Кундуз-Гардез. Бригада уходит в горы - читать онлайн бесплатно полную версию книги . Страница 17

— Твою мать! — слышу полное злобы и боли матерное ругательство. Оглядываюсь, ранен Сережка О***.

— Куда тебя?

— В ногу, — хрипит Серега, и тут же, — ты ко мне не лезь сам перевяжу, — советует, — меняй позицию, пристрелялись к нам.

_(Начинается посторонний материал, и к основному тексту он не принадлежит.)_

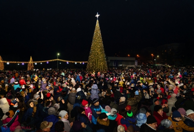 FOTO // Au luat exemplu de la autoritățile din Orhei. La Taraclia a fost inaugurat, cu mare fast, Pomul de Crăciun. Circa 4 000 de persoane au participat la eveniment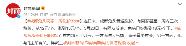报道中提到,4月底,成都街头的兔头普遍涨价,每个兔头的价格普遍卖到了15元或者16元。有商家甚至一周内三次涨价,从12元/个,涨到15元/个。对于涨价的原因,商家们纷纷表示,是原材料价格上涨。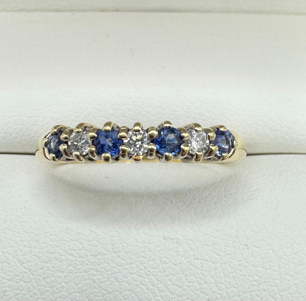 9ct Gold Diamond & Sapphire Half Eternity Ring - Size L 1/2

Сил нет вопли и крики раненых слушать, помочь то ничем не можешь, и позицию надо менять, помедлишь, убьют. Извиваясь я быстро переползаю по камням к большому валуну, рвется выцветшее ветхое х\б, на лоскуты расползается. Ничего будем живы зашьем. За валуном устанавливаю на сошках свой пулемет, прикидываю куда стрелять, наметил. Вот он! На противоположенной горке за камнями укрылся. Ну держись бабаек… Прицел пятьсот, огонь! Жри падла! Длинными очередями со своего РПКСа веду огонь. Досыта тебя сука душманская свинцом напою. И он меня заметил, определил откуда огонь ведется. Стал я с духом пулеметчиком в смертную огневую игру состязаться. Кто кого? Все посвистывают и посвистывают пульки. Не моя, не моя, по-прежнему краем сознания отмечаю я. Лучше я стрелял, на полигоне в Гайджунае учился, здесь в Афгане шлифовал стрелковое свое уменье. Вот и загасил я его. Да только не один он был, штук пять пулеметов по нам било, расстояние между горами метров пятьсот, для стрельбы из пулемета самая та дистанция, убойная. А тут еще и душманские снайпера подключились. Прямо скажем хреновые снайпера, только вести огонь все опаснее и опаснее, все ближе и ближе пульки ложатся. Не моя, не моя пока еще не моя, брызгают в лицо каменные крошки, чуть не попал в меня снайпер, совсем рядышком с головой пуля ударила, не моя, вытираю рукавом х/б потное лицо и стреляю. Ствол пулемета уже раскалился, плюнь зашипит, уже три магазина я расстрелял, всего то за пару минут. И страха особого нет, и азарта нет, ничего нет, как оцепенела душа, безразлично на всё смотришь, равнодушно. Прицел! Ловлю в прорези прицела, снайпера. Огонь! Бьет отдачей приклад пулемета. Мимо. Прицел! Огонь! И по мне уже двое стреляют снайпер и пулеметчик. Огонь, сменить магазин в пулемете и опять, огонь. Убьют так убьют, да и х. й с ними, зато больше в караулы ходить не буду. Сверлят слух крики раненых, все свистят и свистят пульки, захлебываются ответным огнем автоматы и пулеметы бойцов второй роты. Не долго нам братцы жить осталось, ох и не долго.

— Ребята! Вертушки!!!

Голубое небо, безоблачное, от яркого, жаркого слепящего глаза афганского солнца три точки летят. Закладывая вираж выходят на боевой разворот вертолеты, а мы красными сигнальными ракетами направление им задаем, да по рации ротный наводит вертолеты на душманские пулеметы. Духи на них огонь переносят, бьют навстречу нашим пилотам огненные трассеры. Не ссыте ребята! Мы зажмурив глаза и схоронив за камни головы прятаться не будем, мы вас с земли огнем прикроем. Потом сочтемся. Безостановочный ведем мы огонь по позициям духов, даже раненые кто шевелиться мог, и те за оружие схватились, не даем мы им сукам головы поднять, не даем сбить наших ребят. Все реже интенсивность стрельбы с их стороны.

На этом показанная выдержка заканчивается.